The inner loop in fb8-toggle-cursor can be implemented with hv-logical-memop
in board-qemu and get an incredible performance boost.

Let's introduce a per-board helper:
- board-js2x: slow RB based, taken from current fb8-toggle-cursor
- board-qemu: faster hv-logical-memop based

With standard graphical settings on board-qemu, we go from 512 hcall
invocations per character down to 16.

Suggested-by: Thomas Huth <thuth@redhat.com>
Signed-off-by: Greg Kurz <gkurz@linux.vnet.ibm.com>
---
 board-js2x/slof/helper.fs |    4 ++++
 board-qemu/slof/helper.fs |    3 +++
 slof/fs/fbuffer.fs        |    2 +-
 3 files changed, 8 insertions(+), 1 deletion(-)
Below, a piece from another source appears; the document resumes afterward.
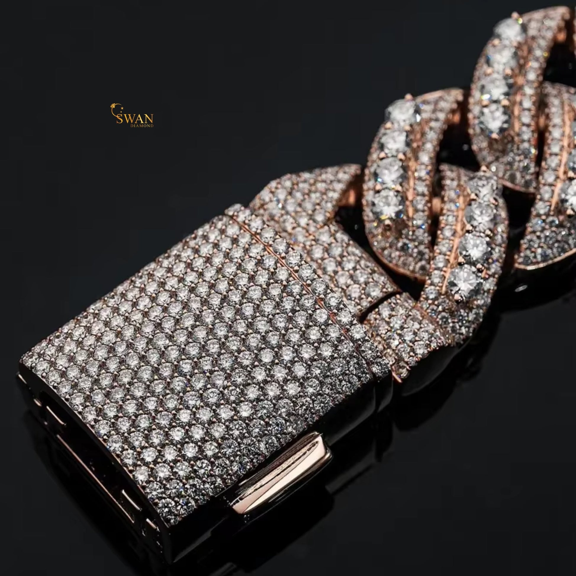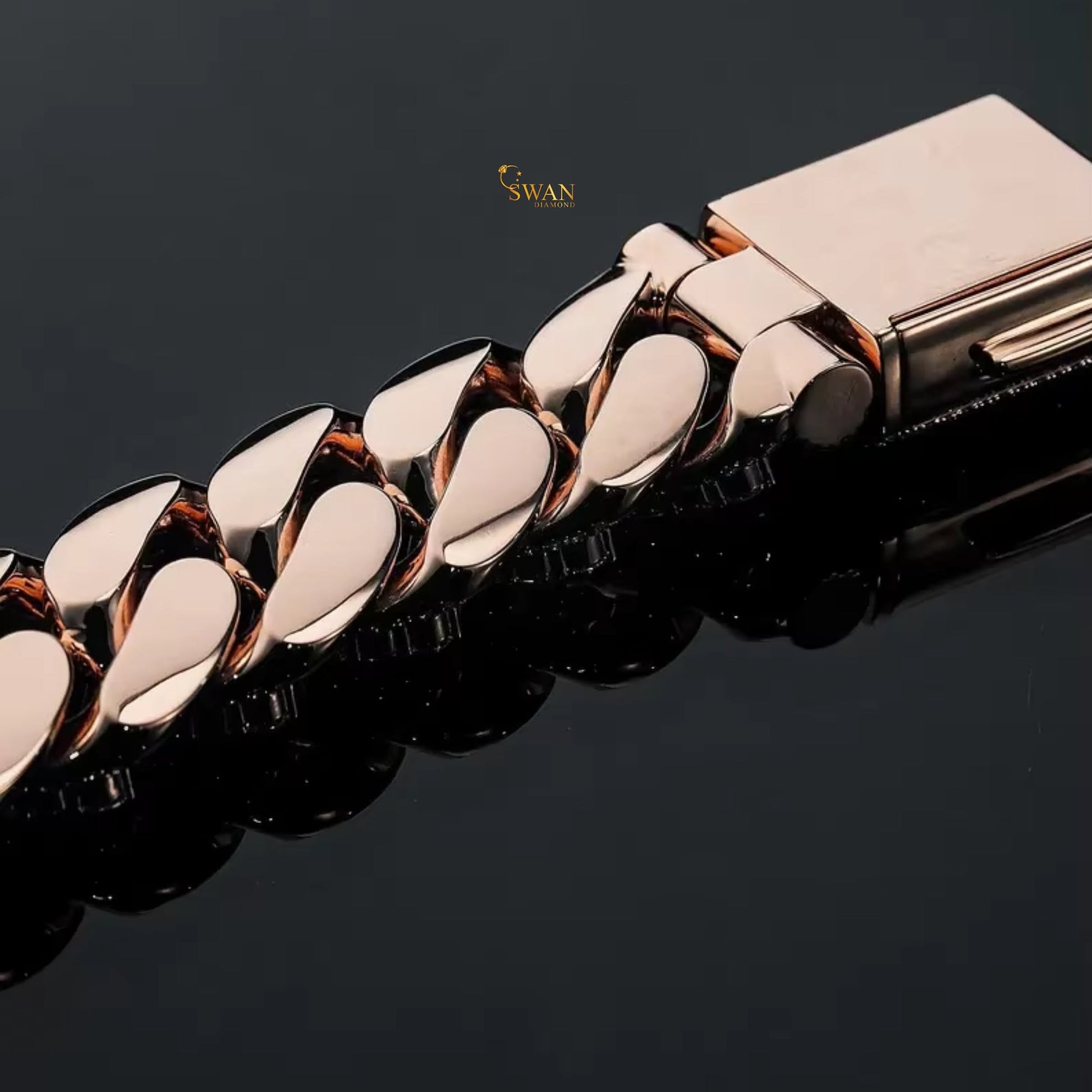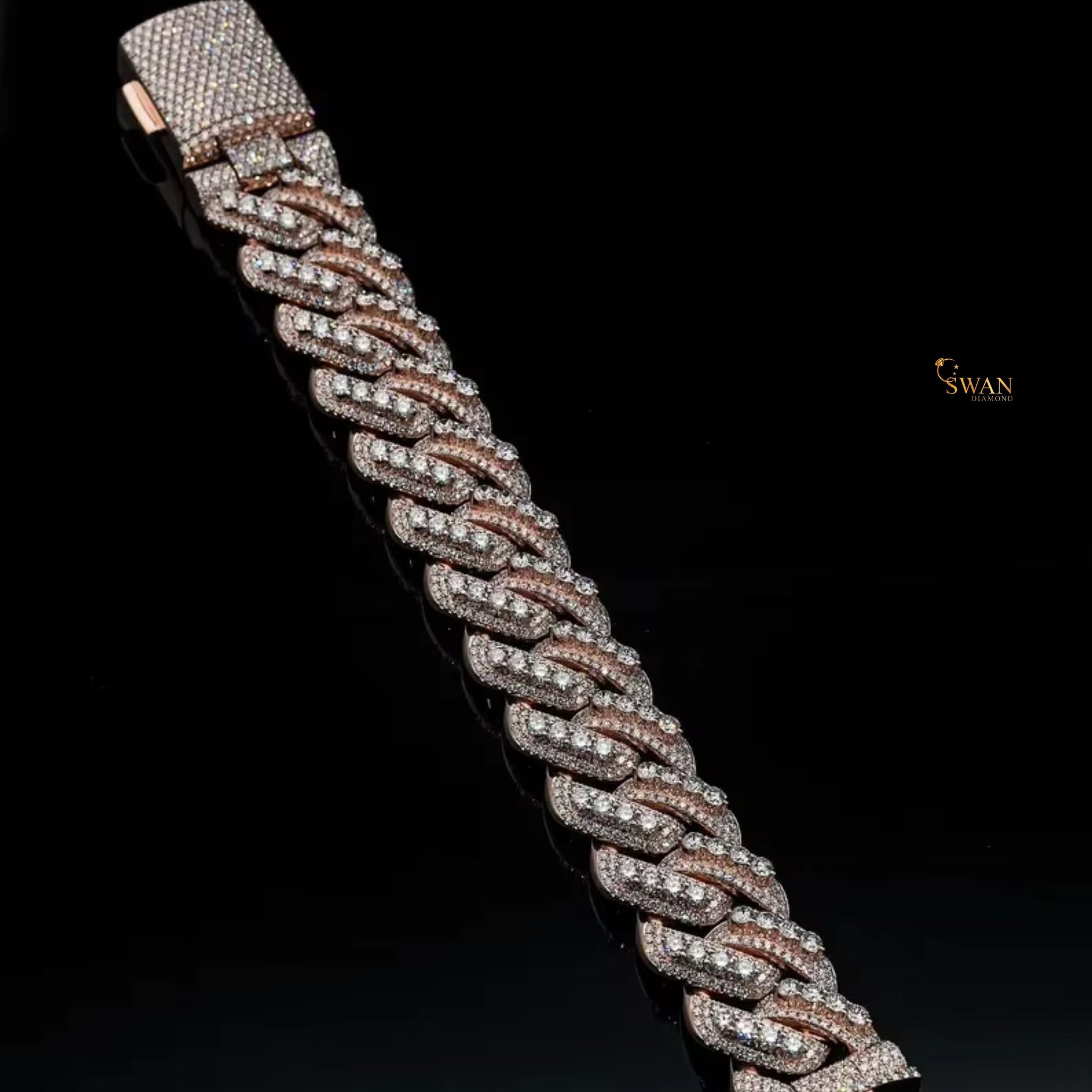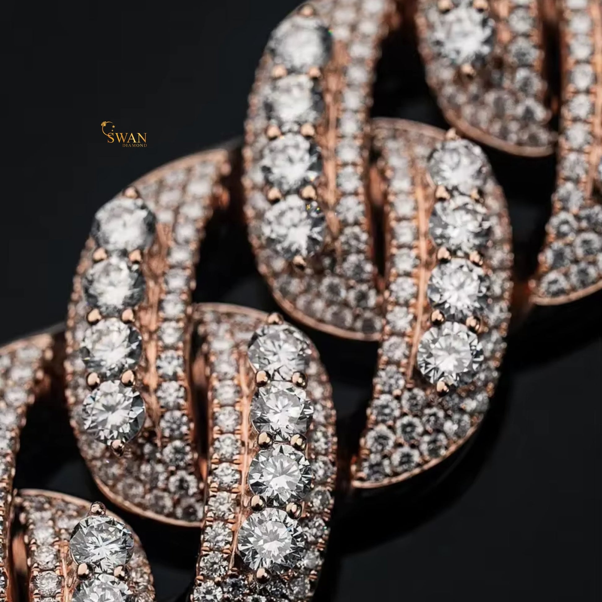 Luxury Rose Gold Cuban Link Bracelet Natural Diamonds Icy Pave Setting Hip Hop Statement Jewelry for Men and Women swandiamond

diff --git a/board-js2x/slof/helper.fs b/board-js2x/slof/helper.fs
index 34d60da..918fdc4 100644
--- a/board-js2x/slof/helper.fs
+++ b/board-js2x/slof/helper.fs
@@ -26,3 +26,7 @@
    s" , " $cat
    bdate2human $cat encode-string THEN
 ;
+
+: invert-region ( addr len -- )
+   0 ?DO dup dup rb@ -1 xor swap rb! 1+ LOOP drop
+;
diff --git a/board-qemu/slof/helper.fs b/board-qemu/slof/helper.fs
index 96da498..da676c7 100644
--- a/board-qemu/slof/helper.fs
+++ b/board-qemu/slof/helper.fs
@@ -33,3 +33,6 @@
   swap -
 ;
 
+: invert-region ( addr len -- )
+   over swap 0 swap 1 hv-logical-memop drop
+;
diff --git a/slof/fs/fbuffer.fs b/slof/fs/fbuffer.fs
index faae6a9..deeba6b 100644
--- a/slof/fs/fbuffer.fs
+++ b/slof/fs/fbuffer.fs
@@ -99,7 +99,7 @@ CREATE bitmap-buffer 400 4 * allot
 : fb8-toggle-cursor ( -- )
 	line# fb8-line2addr column# fb8-columns2bytes +
 	char-height 0 ?DO
-		dup char-width screen-depth * 0 ?DO dup dup rb@ -1 xor swap rb! 1+ LOOP drop
+		dup char-width screen-depth * invert-region
 		screen-width screen-depth * +
 	LOOP drop
 ;

^ permalink raw reply related	[flat|nested] 11+ messages in thread

* [PATCH 3/3] fbuffer: introduce the invert-region-x helper
  2015-05-28 13:13 [PATCH 0/3] fbuffer: performance improvement + code cleanup Greg Kurz
  2015-05-28 13:13 ` [PATCH 1/3] fbuffer: simplify address computations in fb8-toggle-cursor Greg Kurz
  2015-05-28 13:13 ` [PATCH 2/3] fbuffer: introduce the invert-region helper Greg Kurz
@ 2015-05-28 13:13 ` Greg Kurz
  2015-05-28 17:33   ` Thomas Huth
  2015-05-29  4:25   ` Nikunj A Dadhania
  2015-05-29  4:54 ` [PATCH 0/3] fbuffer: performance improvement + code cleanup Alexey Kardashevskiy
  3 siblings, 2 replies; 11+ messages in thread
From: Greg Kurz @ 2015-05-28 13:13 UTC (permalink / raw)
  To: linuxppc-dev
  Cc: Alexey Kardashevskiy, Thomas Huth, Nikunj A Dadhania,
	David Gibson

This patch simply moves the slow RX based logic from fb8-invert-screen
to board-js2x helpers and implement a fast hv-logical-memop based helper
for board-qemu. And we can drop hcall-invert-screen !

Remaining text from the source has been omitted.